Résumé de la décision
La société Provence TP a saisi la Cour administrative d'appel de Marseille pour contester une ordonnance du tribunal administratif de Marseille qui avait rejeté sa demande de provision pour créance à l'encontre de la commune de Plan-de-Cuques. Cette créance, se chiffrant à 41 760,04 euros, faisait suite à un marché de travaux pour la construction d'un pôle culturel, mais la commune avait résilié le contrat en raison de retards dans l'exécution. La Cour a confirmé le rejet de la demande, estimant que la créance n'était pas non sérieusement contestable.
Arguments pertinents
1. Non contestabilité de la créance : La Cour a noté que la créance invoquée par Provence TP n’était pas sérieusement contestable au sens de l’article R. 541-1 du code de justice administrative, ce qui est une condition préalable pour accorder une provision. Le jugement a mis en évidence l’incertitude concernant la responsabilité des retards dans l’exécution des travaux : « il ne ressort pas du dossier, en l'état de l'instruction, que ce retard soit exclusivement imputable à la société Provence TP ou à la commune de Plan-de-Cuques. »
2. Pénalités non établies : Le montant des éventuelles pénalités à l'encontre de Provence TP n'a pas été établi de manière certaine, ce qui a contribué à l’évaluation de la créance comme étant contestable.
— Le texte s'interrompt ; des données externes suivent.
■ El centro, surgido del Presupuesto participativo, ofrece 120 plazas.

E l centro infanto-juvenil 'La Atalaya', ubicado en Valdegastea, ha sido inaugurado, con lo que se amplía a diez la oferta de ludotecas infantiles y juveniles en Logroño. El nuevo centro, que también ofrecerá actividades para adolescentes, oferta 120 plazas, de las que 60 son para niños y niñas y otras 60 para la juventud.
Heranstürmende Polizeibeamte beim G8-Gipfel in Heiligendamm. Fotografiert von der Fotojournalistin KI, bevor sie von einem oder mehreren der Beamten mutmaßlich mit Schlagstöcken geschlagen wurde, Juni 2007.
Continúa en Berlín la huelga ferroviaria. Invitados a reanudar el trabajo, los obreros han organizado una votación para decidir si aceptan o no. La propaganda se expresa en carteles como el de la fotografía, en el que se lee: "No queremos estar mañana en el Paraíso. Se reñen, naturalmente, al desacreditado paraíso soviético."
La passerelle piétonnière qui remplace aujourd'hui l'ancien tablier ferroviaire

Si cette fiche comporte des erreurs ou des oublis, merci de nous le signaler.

La décision souligne que « le montant des pénalités susceptibles d'être infligées à la société Provence TP n'est pas établi de façon certaine ».
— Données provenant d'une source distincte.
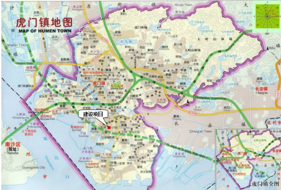
图 3-1 厂区地理位置图

东莞市鑫瑞凯塑胶制品有限公司位于东莞市虎门镇南栅文明路十二巷 8 号 3 栋 201 室，地理位置见图 3-1，厂区平面布置及监测点位图见图 3-2。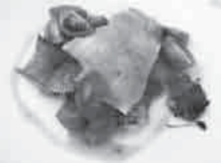
皆さんが収穫した佐伯農園ミニトマトと月浦ワインのソース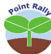
学びのポイントラリー

自治体や市民団体、NPO、大学、地域の施設、地元の民間企業等が実施する様々な教育プログラムを、民間団体がまとめて広報し、地域での学びの場への参加を促す取組が行われている（地域の学び推進機構 学びのポイントラリー 23 ）。登録プログラムは、市民生活、文化生活、職業生活、教科学習の補充・発展という4種からなり、児童生徒は参加すると時数に応じたポイントが得られる。さらに、一定のポイントまで達するごとに参加を証明する「認定証」の発行を機構から受けることができる。教育プログラムが一覧化されて機構のホームページや学校を通じて広報されることにより、児童生徒は、興味関心に応じて幅広いプログラムから選びやすくなる。教育委員会等の後援も受けながら、平成30年3月現在、全国11の地域で実施されている。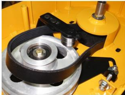
La correa inferior (6PK698) ubicada para poner motor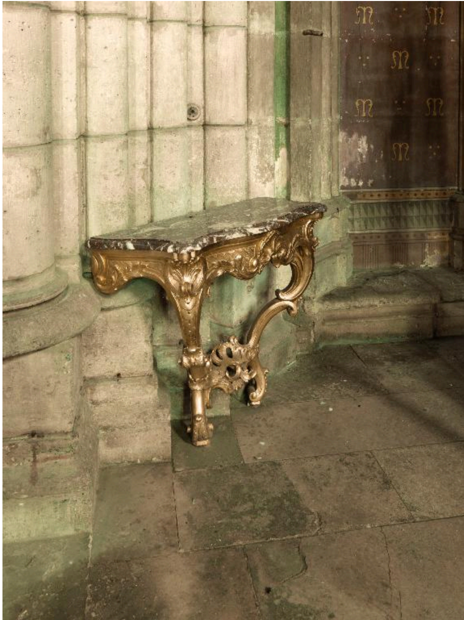
Vue générale de la crédence gauche (ouest), après restauration.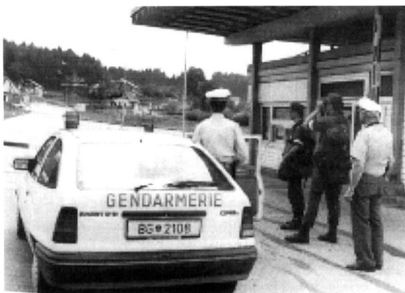
Comme l'armée suisse, la Bundesheer peut être appelée à renforcer les gardes-frontière...

Dans la défense combinée, il s'avère parfois nécessaire de subordonner à un commandant militaire plusieurs groupements de la force d'un bataillon, de lui assigner des missions de conduite tactique, comme la flanc-garde du dispositif, le combat contre des troupes aéroportées ou des missions en relation avec la protection territoriale.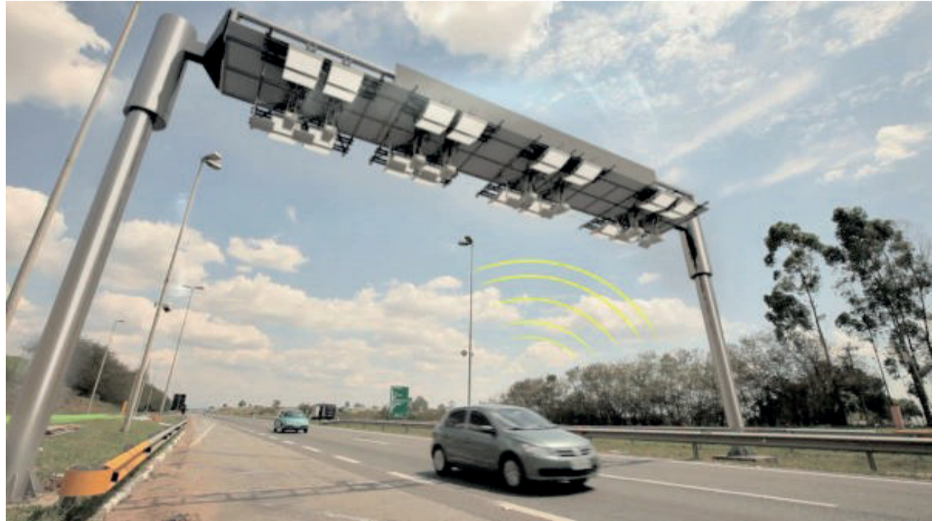
Sistema realiza a cobrança automaticamente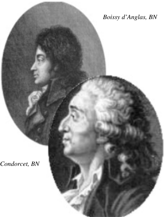
Boissy d'Anglas, BN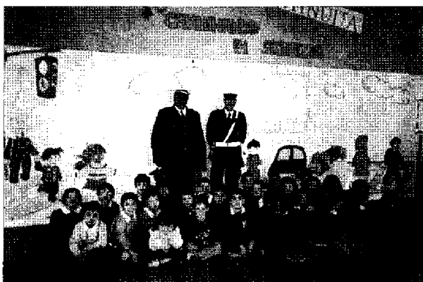
Applausi I piccoli studenti bastioli hanno tenuto alto il nome della città in campo nazionale

BASTIA UMBRA - Settimo posto per la classe II A della scuola elementare di Ospedalicchio nel concorso nazionale Pignascuola 2006. Gli alunni dell'istituto della frazione bastioli hanno partecipato al concorso sul tema della sicurezza stradale.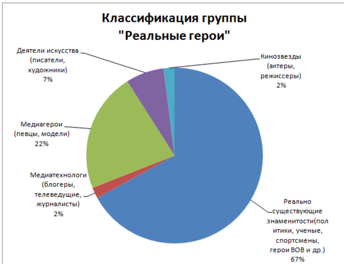
Рис. 2. Классификация группы "Реальные герои"

Наибольшее количество ответов набрала подгруппа «Реально существующие знаменитости» (67%). В ответах данной категории подростки, чаще всего, указывали политических деятелей (44%) – В.В. Путина, В.В. Жириновского, С. В. Лаврова; ученых, изобретателей (33%) - Стивена Хокинга, Илона Маска. Подгруппа «Медиагерои» составила 22% , в нее вошли такие известные личности как В. Цой, В. Высоцкий, рок-группа Сплин. Немногочисленными оказались подгруппы «Деятели искусства» - 7%, «Медиатеchnологи» - 2% и «Кинозвезды» - 2%.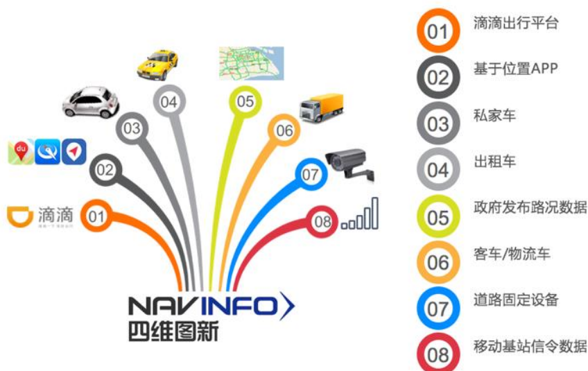
四维图新海量交通出行大数据

本报告期内，在动态交通信息服务方面，加快融合包括互联网数据、车辆物流数据、移动终端数据、通讯信令数据等在内的多源数据，并基于丰富海量交通出行大数据及大数据生态系统，加大产品和技术创新研发，将语音/语义生物识别技术引入数据采集及应用当中，提高信息深度、广度和鲜度，提升产品质量和覆盖率的同时，提升运营效率；与高等院校合作研发基于机器学习的路况预测系统 Pattern 系统。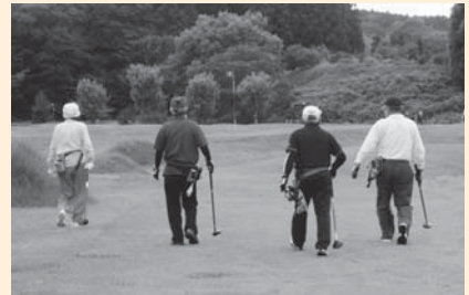
《まるで映画のワンシーン》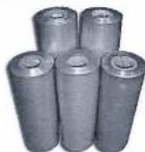
IMAGEN DE REFERENCIAL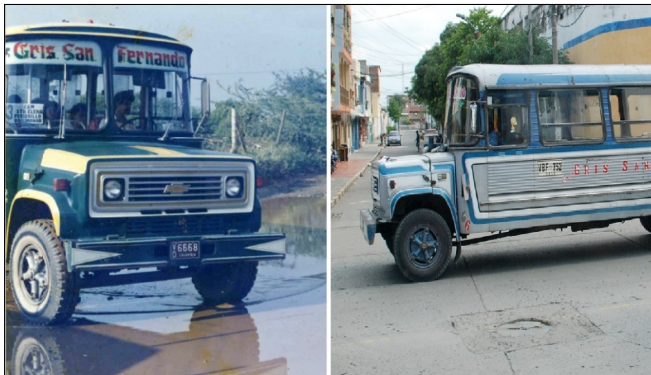
Imagen 3. Dos buses de la empresa Gris San Fernando: A la derecha con colores de TSS y a la izquierda con colores tradicionales de la empresa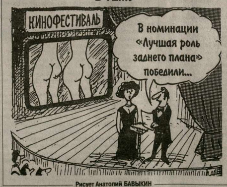
Рисует Анатолий БАВЫКИН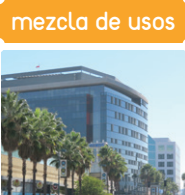
mezcla de usos

Interprétations et citations légales
L’article R. 541-1 du Code de justice administrative est central dans cette décision. Ce texte stipule que « le juge des référés peut, même en l'absence d'une demande au fond, accorder une provision au créancier qui l'a saisi lorsque l'existence de l'obligation n'est pas sérieusement contestable ». Ce passage souligne le seuil de non contestation nécessaire pour que le juge puisse intervenir en référé et accorder une provision.
La décision rappelle le principe selon lequel la résiliation d'un contrat pour non-exécution doit être considérée avec prudence, particulièrement lorsqu'il existe des doutes sur la responsabilité des retards. Les juges ont pris en compte que la résiliation a été prononcée unilatéralement et que la preuve de la non-exécution incombe partiellement à la commune. Le raisonnement de la Cour s'appuie ainsi sur la nécessité de démontrer clairement que la créance est certaine, liquéfiée et non contestable pour bénéficier d'une provision.
En conclusion, la décision réaffirme l'importance de la clarté et de la certitude dans les créances pour les demandes de provision, et insiste sur l'examen minutieux des responsabilités dans les contrats publics, conformément aux règles instaurées par le Code de justice administrative.